**Aim of the exercise**
Could you output every record below exactly, leaving out the pictures?

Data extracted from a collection
Content starts
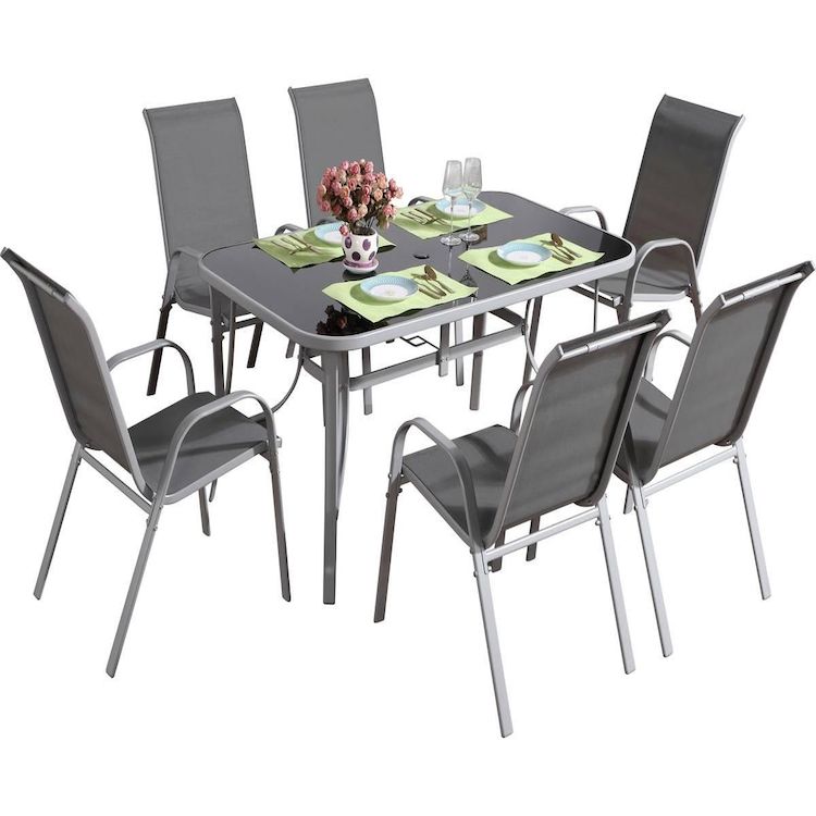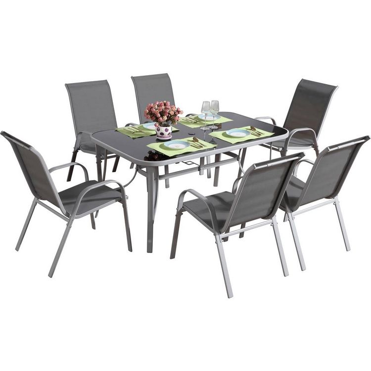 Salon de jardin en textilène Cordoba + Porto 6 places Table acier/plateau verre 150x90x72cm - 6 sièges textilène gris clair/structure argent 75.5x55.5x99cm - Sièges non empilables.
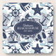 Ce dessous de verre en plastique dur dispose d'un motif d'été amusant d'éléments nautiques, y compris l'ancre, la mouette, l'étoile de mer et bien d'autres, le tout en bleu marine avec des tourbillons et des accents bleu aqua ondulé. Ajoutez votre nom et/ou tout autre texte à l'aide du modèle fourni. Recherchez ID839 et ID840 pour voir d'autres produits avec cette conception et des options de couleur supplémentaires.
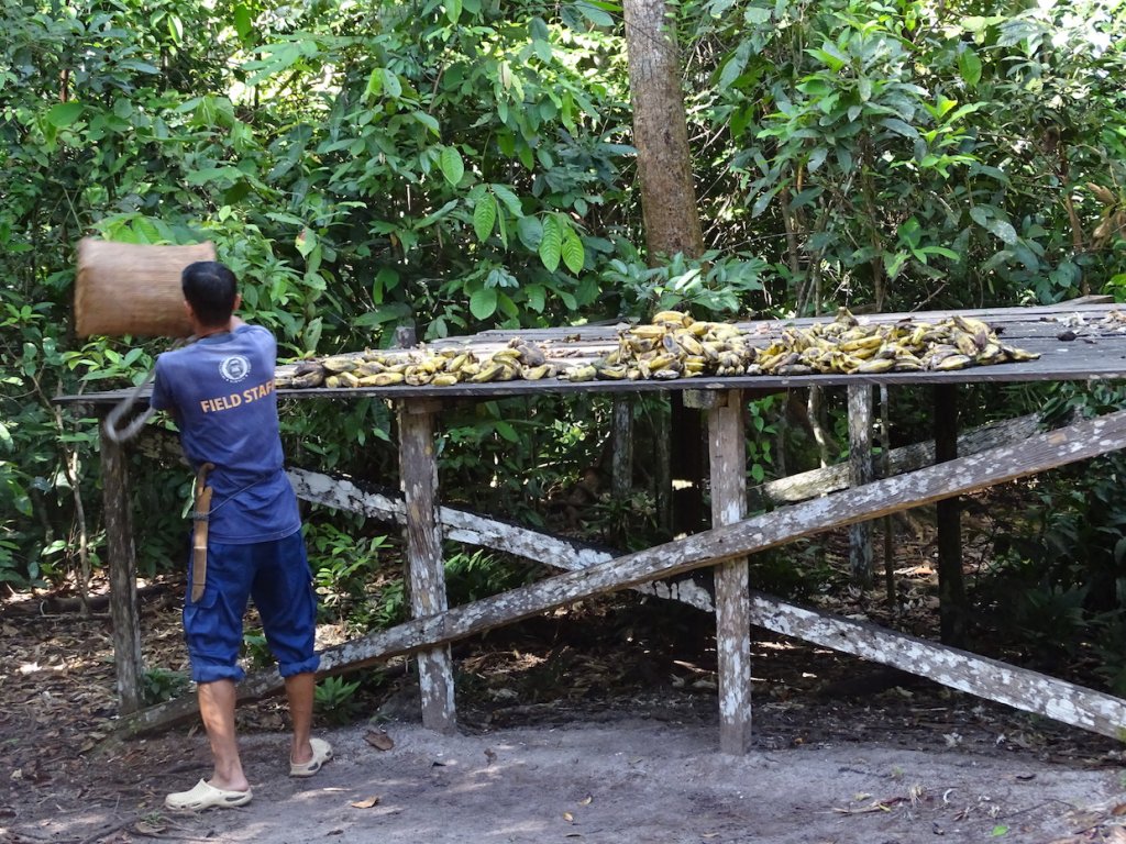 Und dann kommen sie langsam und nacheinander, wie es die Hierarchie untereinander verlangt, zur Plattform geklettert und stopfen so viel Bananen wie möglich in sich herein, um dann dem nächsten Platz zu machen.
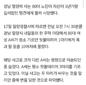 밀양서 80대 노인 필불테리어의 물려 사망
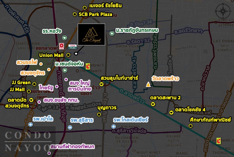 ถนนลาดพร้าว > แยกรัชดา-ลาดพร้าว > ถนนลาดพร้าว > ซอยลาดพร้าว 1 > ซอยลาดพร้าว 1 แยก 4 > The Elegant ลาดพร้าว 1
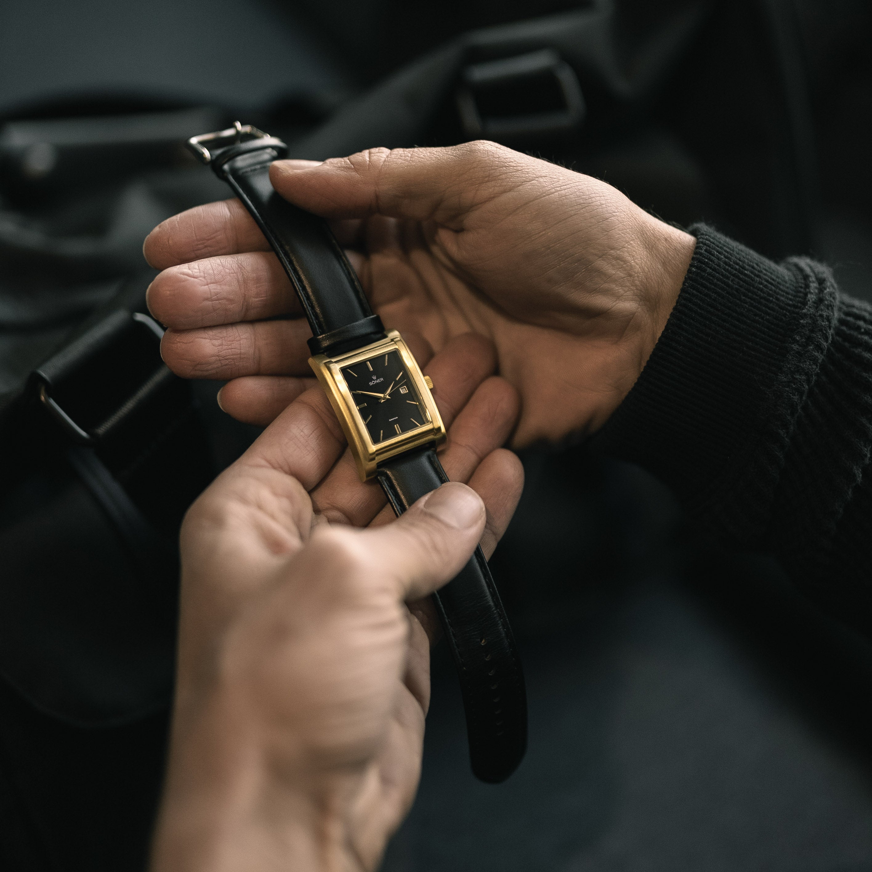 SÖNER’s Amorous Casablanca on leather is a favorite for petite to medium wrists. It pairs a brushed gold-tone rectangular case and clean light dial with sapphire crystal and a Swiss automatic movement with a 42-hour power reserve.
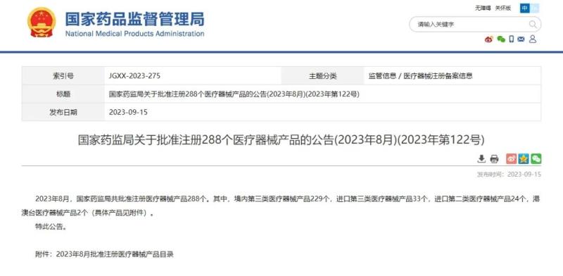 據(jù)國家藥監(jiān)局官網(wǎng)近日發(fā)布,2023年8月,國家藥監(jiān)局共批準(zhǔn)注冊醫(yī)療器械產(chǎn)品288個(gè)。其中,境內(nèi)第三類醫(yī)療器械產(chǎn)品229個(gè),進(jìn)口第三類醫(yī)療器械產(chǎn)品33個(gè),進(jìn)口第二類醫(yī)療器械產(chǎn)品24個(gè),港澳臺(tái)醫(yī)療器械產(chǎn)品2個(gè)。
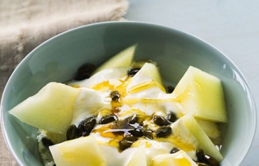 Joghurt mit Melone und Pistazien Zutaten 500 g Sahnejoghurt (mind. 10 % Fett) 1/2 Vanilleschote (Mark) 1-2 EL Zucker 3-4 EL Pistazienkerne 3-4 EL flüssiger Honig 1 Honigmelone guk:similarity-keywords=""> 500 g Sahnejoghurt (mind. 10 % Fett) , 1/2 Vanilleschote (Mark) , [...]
Content ends
**Answer for this exercise**
 Salon de jardin en textilène Cordoba + Porto 6 places Table acier/plateau verre 150x90x72cm - 6 sièges textilène gris clair/structure argent 75.5x55.5x99cm - Sièges non empilables.
 Ce dessous de verre en plastique dur dispose d'un motif d'été amusant d'éléments nautiques, y compris l'ancre, la mouette, l'étoile de mer et bien d'autres, le tout en bleu marine avec des tourbillons et des accents bleu aqua ondulé. Ajoutez votre nom et/ou tout autre texte à l'aide du modèle fourni. Recherchez ID839 et ID840 pour voir d'autres produits avec cette conception et des options de couleur supplémentaires.
 Und dann kommen sie langsam und nacheinander, wie es die Hierarchie untereinander verlangt, zur Plattform geklettert und stopfen so viel Bananen wie möglich in sich herein, um dann dem nächsten Platz zu machen.
 밀양서 80대 노인 필불테리어의 물려 사망
 ถนนลาดพร้าว > แยกรัชดา-ลาดพร้าว > ถนนลาดพร้าว > ซอยลาดพร้าว 1 > ซอยลาดพร้าว 1 แยก 4 > The Elegant ลาดพร้าว 1
 SÖNER’s Amorous Casablanca on leather is a favorite for petite to medium wrists. It pairs a brushed gold-tone rectangular case and clean light dial with sapphire crystal and a Swiss automatic movement with a 42-hour power reserve.
 據(jù)國家藥監(jiān)局官網(wǎng)近日發(fā)布,2023年8月,國家藥監(jiān)局共批準(zhǔn)注冊醫(yī)療器械產(chǎn)品288個(gè)。其中,境內(nèi)第三類醫(yī)療器械產(chǎn)品229個(gè),進(jìn)口第三類醫(yī)療器械產(chǎn)品33個(gè),進(jìn)口第二類醫(yī)療器械產(chǎn)品24個(gè),港澳臺(tái)醫(yī)療器械產(chǎn)品2個(gè)。
 Joghurt mit Melone und Pistazien Zutaten 500 g Sahnejoghurt (mind. 10 % Fett) 1/2 Vanilleschote (Mark) 1-2 EL Zucker 3-4 EL Pistazienkerne 3-4 EL flüssiger Honig 1 Honigmelone guk:similarity-keywords=""> 500 g Sahnejoghurt (mind. 10 % Fett) , 1/2 Vanilleschote (Mark) , [...]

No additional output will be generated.